How does pROC handle multi-level factor labels?

I am calculating the AUC of a model in R. The model has been trained to predict a two-level factor (good/bad). It has been applied to data that have a three-level outcome (good/bad/missing). I am fine with the scoring part. I get a probability based on a set of predictors for each observation.
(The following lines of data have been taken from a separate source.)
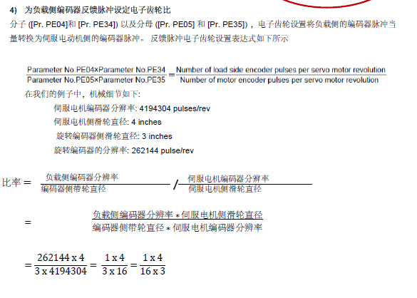 這個我用過,按照手冊上算法約分就可以了沒有問題的,但是不能用每轉脈沖數PA05,每轉脈沖數還是根據伺服電機的編碼器算出來的值,只能設電子齒輪比。
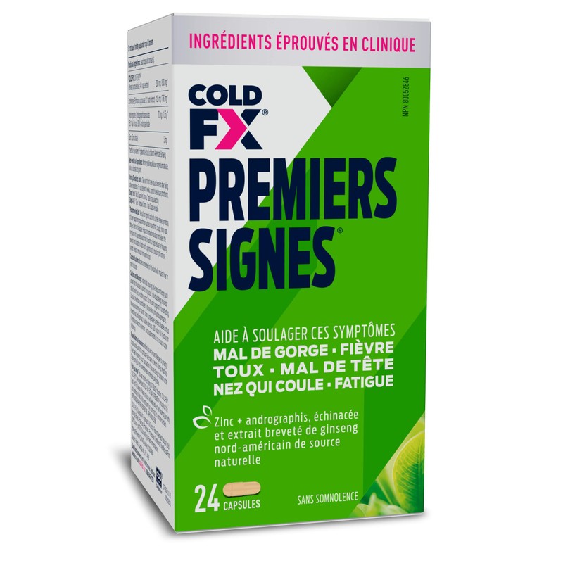 - MULTI-SYMPTOM RELIEF: COLD-FX FIRST SIGNS is a Natural Health Product that helps shorten the duration of upper respiratory tract infections; This non-drowsy formula helps relieve symptoms of sore throat, fever, cough, headache and runny nose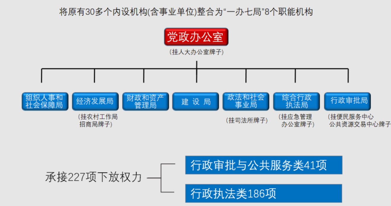 据了解,泰兴市《实施方案》明确了7个方面23项工作任务,以加强党的全面领导为统领,充分发挥乡镇(街道)党(工)委领导作用。突出强调健全党的组织体系,在乡镇(街道)职能机构挂牌设立党建工作办公室,配备组织员。完善乡镇(街道)党(工)委运行机制,实行党建工作分工负责制,强化党建责任和任务“双清单”管理。突出政治功能,推动基层党委、支部、党员和群众四个主体联动共进。 《实施方案》提出,强化基层政务服务体系建设,实现审批服务一窗口。综合设置审批服务机构,实现“一口受理、一窗通办、集成服务”;相关部门设在乡镇(街道)的服务窗口和水电气等民生服务窗口全部进驻为民服务中心;建立专业化代办帮办服务队伍,选优配强骨干力量。优化政务服务流程,实行“马上办、网上办、就近办、一次办”,积极推进“不见面审批(服务)”改革。创新政务服务模式,建立健全乡镇(街道)、村(社区)两级联动的便民服务网络,推进同城通办的公安出入境、税务、公积金等民生服务类事项进驻黄桥等重点中心镇的便民服务平台,辐射周边乡镇。 推进基层综合行政执法体制改革,实现综合执法一队伍。统一组建综合行政执法机构,整合乡镇(街道)现有执法力量和资源,组建乡镇(街道)综合行政执法局,实现“一支队伍管执法”。强化综合行政执法能力建设,每个乡镇(街道)配备不少于4名具有行政执法资格的人员以及相应执法装备,并配备一定数量的执法辅助人员。探索综合行政执法新模式,对专业性较强、执法要求较高的执法行为,采取“镇(街)呼市应”的方式,由市相关部门配合乡镇(街道)开展执法工作。完善综合行政执法监管机制,规范执法程序和行为,推行执法全过程记录、行政执法公示、重大执法决定法制审核等制度。
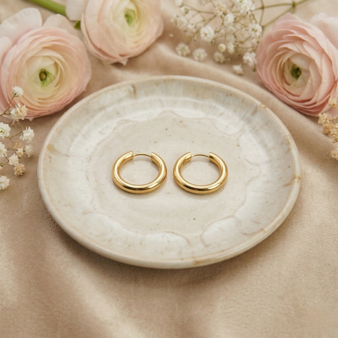 All three pairs are made from premium stainless steel with an anti-tarnish finish. Same gold tone across all three so they always look like a set.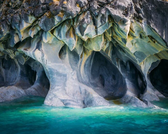 Мраморные пещеры, высеченные в недрах Патагонских Анд, расположены на полуострове из цельного мрамора, омываемом водами озера Хенераль-Каррера. Это удаленное ледниковое озеро Чили делит пополам с Аргентиной.
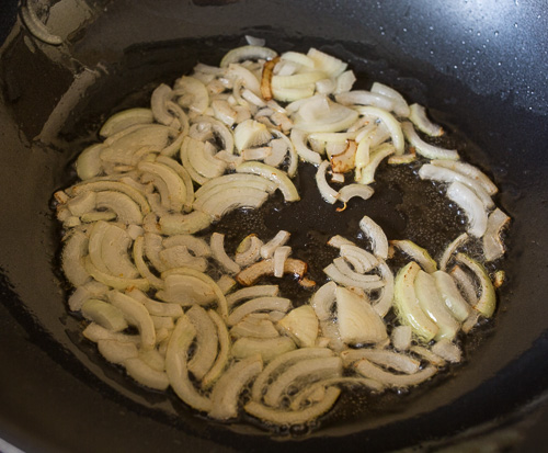 В сковороде на средне сильном огне разогреваем растительное и сливочное масло. Кладем лук и жарим, помешивая, 3-4 минуты.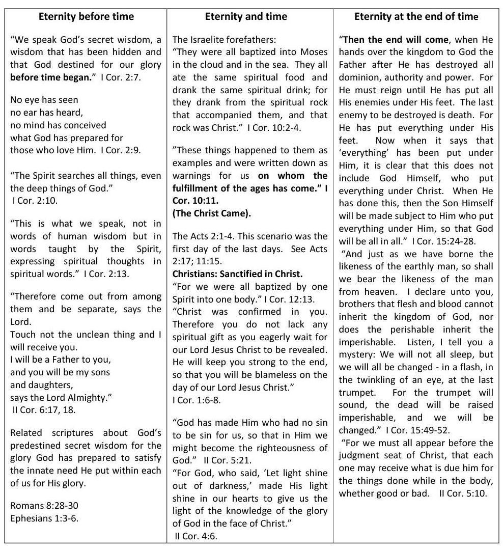 It will be necessary for us to view “time and eternity” with the same “world view” Paul taught the Corinthians during the one and a half years period he co-built this church with Jesus. Please note how the first column delved into the “secret mind of God” before time began. God “destined for our glory;” that is, He preplanned to satisfy our innate need for glory that He has embedded in every human being. We can be His “sons and daughters” now and inherit life in His eternal kingdom as His children. We need to understand this first column when we study every book in the Bible. Mature spiritual Christians have faith in God’s program for mankind and this is one reason we love God. Please note God’s plan is for mature Christians who love Him (I Cor. 2:6, 9). If we do not understand all three columns in this chart we will have trouble understanding Paul’s letters.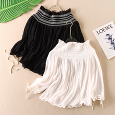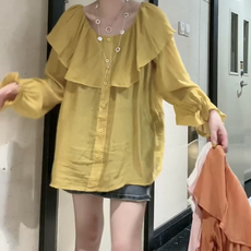 新款长袖衬衫女韩版甜美一字领两穿层层荷叶边拼接雪纺衫上衣潮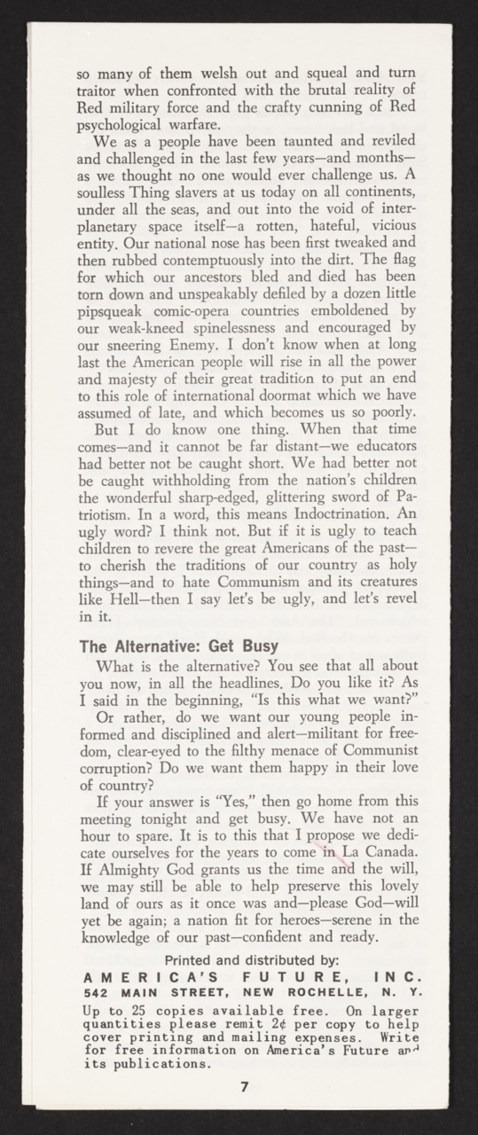 Reprinted by America’s Future, Inc., “The Passing of the Patriot” captures Dr. Max Rafferty’s 1961 speech lamenting a supposed waning of American patriotism. Then the superintendent of schools in La Cañada, California, Rafferty urges educators, parents, and policymakers to combat what he sees as creeping indifference—and even hostility—toward traditional American values. Deeply rooted in Cold War anxieties, the pamphlet insists that “indoctrinating” children in love of country and hatred of communism is necessary to preserve national strength and moral clarity.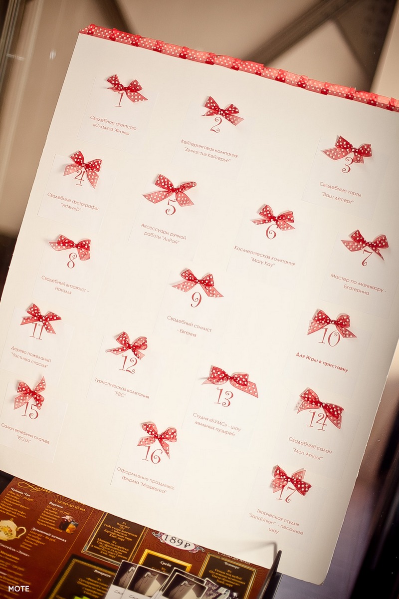 Все желающие могли попробовать угощения, предоставленные кейтеринговой компанией «Династия Кейтерье», а также продегустировать начинки свадебного торта от компании «Ваш десерт». Также вниманию гостей от компании «Art4weD» были предоставлены фото-книги, магнитики и примеры фоторабот. Желающие на месте могли заказать фотографов и различные фото-аксессуары.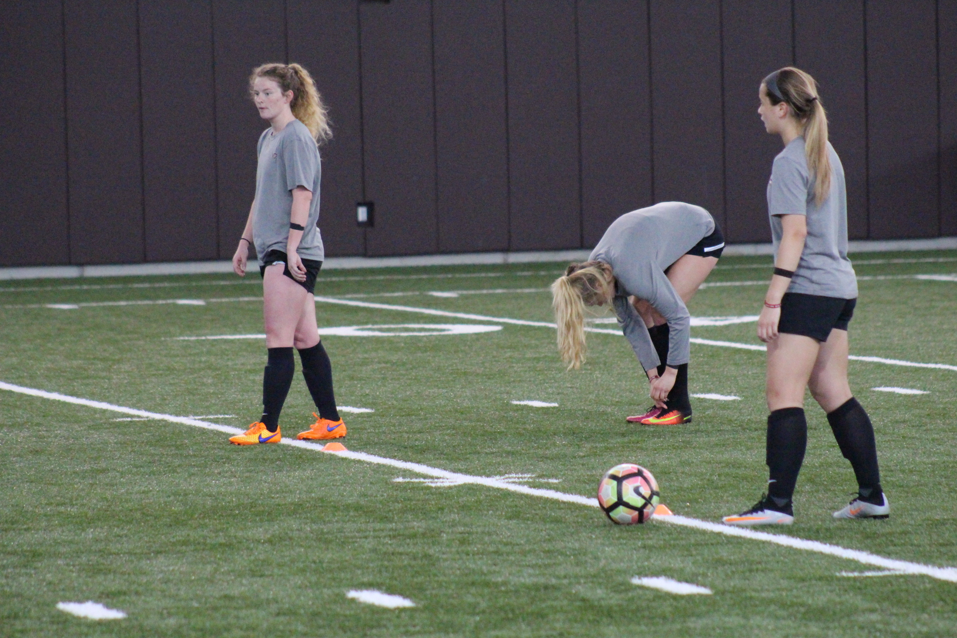 Next Image Image #1 BLACKSBURG, Va., Apr. 11 – Members of the Virginia Tech women’s soccer team practice while wearing black arm bands in honor of the ten year anniversary of April 16th. Photo: Conor Doherty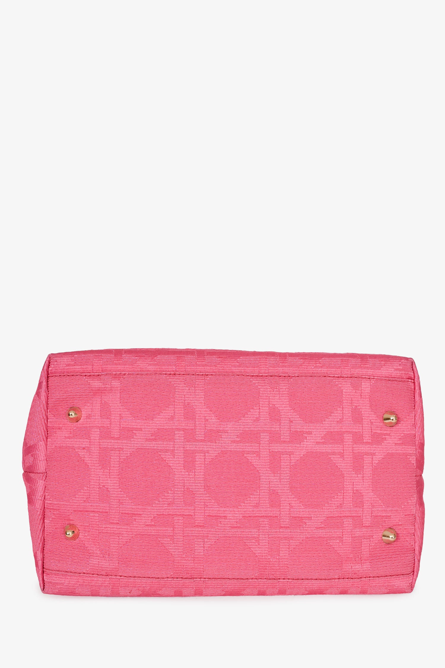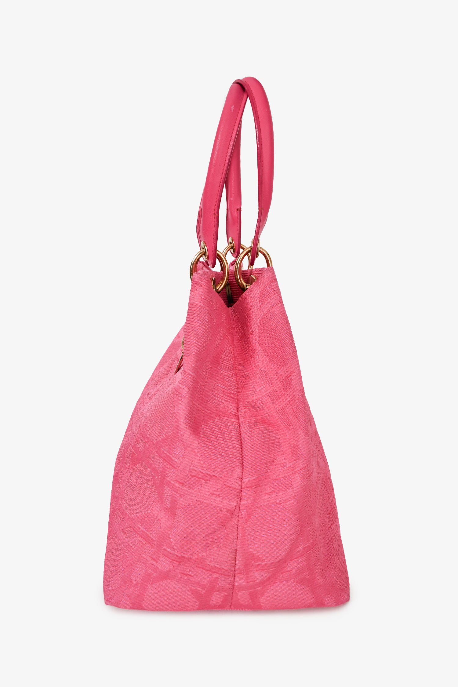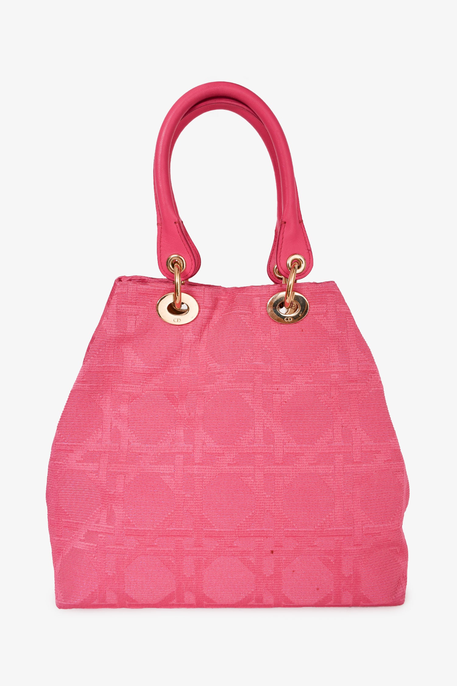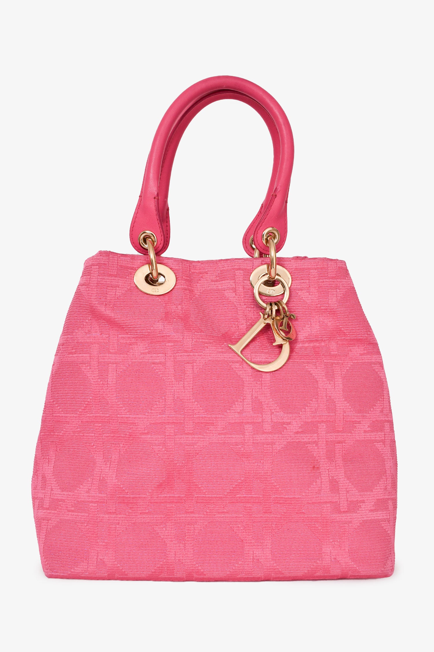 Refresh availabilityChristian Dior 2007 Pink Cannage Jacquard Canvas Lady Dior Tote. Gold-tone hardware. Rolled top handles. Attached 'DIOR' charms. Lined interior with a zipped compartment. Concealed snap closure.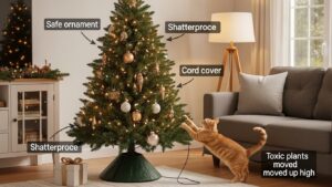 - オーナメントの素材:ペットが口に入れても安全な素材や、飲み込めない大きさのものを選びましょう。ガラス製やラメが落ちやすいものは避けるのが賢明です。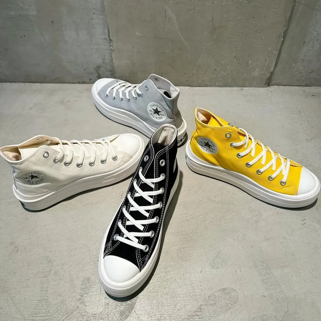 ALL STAR LIGHT PLTS Ⅱ HI 輕量設計 穿著無負擔鞋墊採用聚氨酯杯鞋墊,具有出色的透氣性和緩衝性能側邊波浪的外型設計增添了更多的可愛感版型正常此款增高約4cm(參考尺寸 24.5cm的鞋款)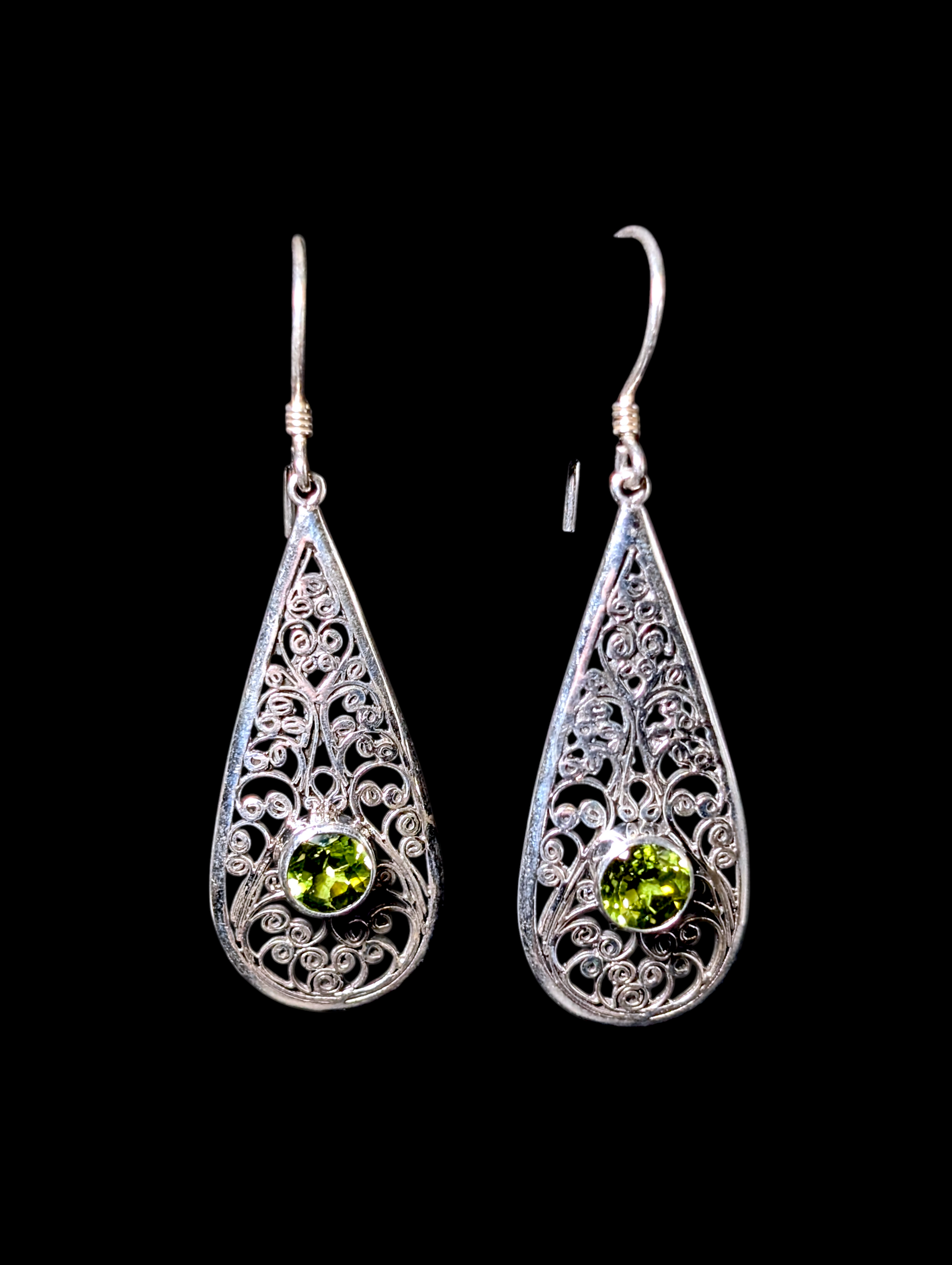 Vintage Bezel Set Round Cut 2 Carat Genuine Peridot Sterling Silver Filigree Drop Earrings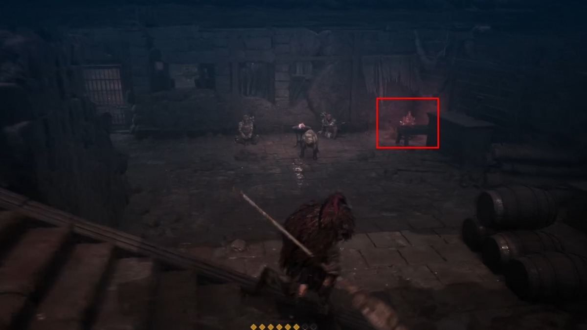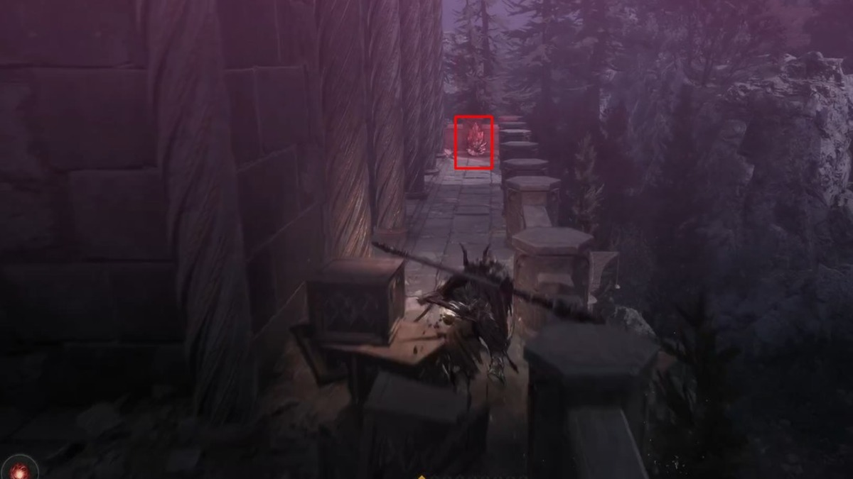 После победы над Элитным врагом поверните налево и пройдите мимо тележки и бочек. Следуйте прямо, сразитесь с врагом, а затем выйдите на балкон. С левой стороны найдете камень души.

The part I don't understand is what happens when I calculate AUC using the roc(data$label, data$score), because now roc$label has 3 levels (good/bad/missing), but the score was trained on data that had only 2 levels (good/bad). Is the new level ignored? Should I exclude all such observations manually from the data to get an accurate AUC measure?

data <- structure(list(label = structure(c(2L, 2L, 2L, 2L, 2L, 2L, 2L, 
2L, 1L, 2L, 2L, 3L, 2L, 2L, 2L, 2L, 1L, 2L, 1L, 2L), .Label = c("missing", 
"good", "bad"), class = "factor"), score = c(0.151147571051044, 
0.0411329810171418, 0.0688491931089625, 0.0457818202643564, 0.0411038297454905, 
0.0652004019004794, 0.105964115208592, 0.0538514549969684, 0.0415476305130247, 
0.0533831523731155, 0.0639788335617257, 0.0434341986489527, 0.0520826001358534, 
0.0642210548642832, 0.0536219837901353, 0.0415821872079014, 0.0416555537422, 
0.0491937562992912, 0.0469082976746886, 0.0538194884632293)), row.names = c(NA, 
-20L), class = c("tbl_df", "tbl", "data.frame"))

roc(data$label, data$score)

Solution

Unless you have a particularly old version of pROC, or you have something silencing diagnostic messages, it should tell you what it is doing:

> roc(data$label, data$score)
Setting levels: control = missing, case = good
Setting direction: controls < cases

As you can see, it uses the "missing" class as the control or negative class.

It carries on showing you what data was used:

[...]
Data: data$score in 3 controls (data$label missing) < 16 cases (data$label good).

Again you can observe that it is using the "missing" label as control.

Finally it gives you a hint at how to solve the problem:

[...]
Warning message:
In roc.default(data$label, data$score) :
  'response' has more than two levels. Consider setting 'levels' explicitly or using 'multiclass.roc' instead

In your case it is easiest to set the levels argument as suggested:

> roc(data$label, data$score, levels=c("good", "bad"))
Setting direction: controls > cases

Call:
roc.default(response = data$label, predictor = data$score, levels = c("good",     "bad"))

Data: data$score in 16 controls (data$label good) > 1 cases (data$label bad).
Area under the curve: 0.8125

Now it correctly uses the good/bad levels as you asked.

One last thing, notice that pROC is still setting the direction automatically:

Setting direction: controls > cases

You should make sure that this matches the direction (whether positive cases are higher or lower than negatives) you obtained on the training data.

train.roc <- roc(train.data$label, train.data$score, levels=c("good", "bad"))
roc(data$label, data$score, levels=c("good", "bad"), direction=train.roc$direction)

Failing to do so you might introduce some bias in your AUCs, and you might think that your predictor performs great when it doesn't.

In general, you want to set the levels and direction arguments explicitly whenever possible. if the direction gets somehow reversed between training and testing.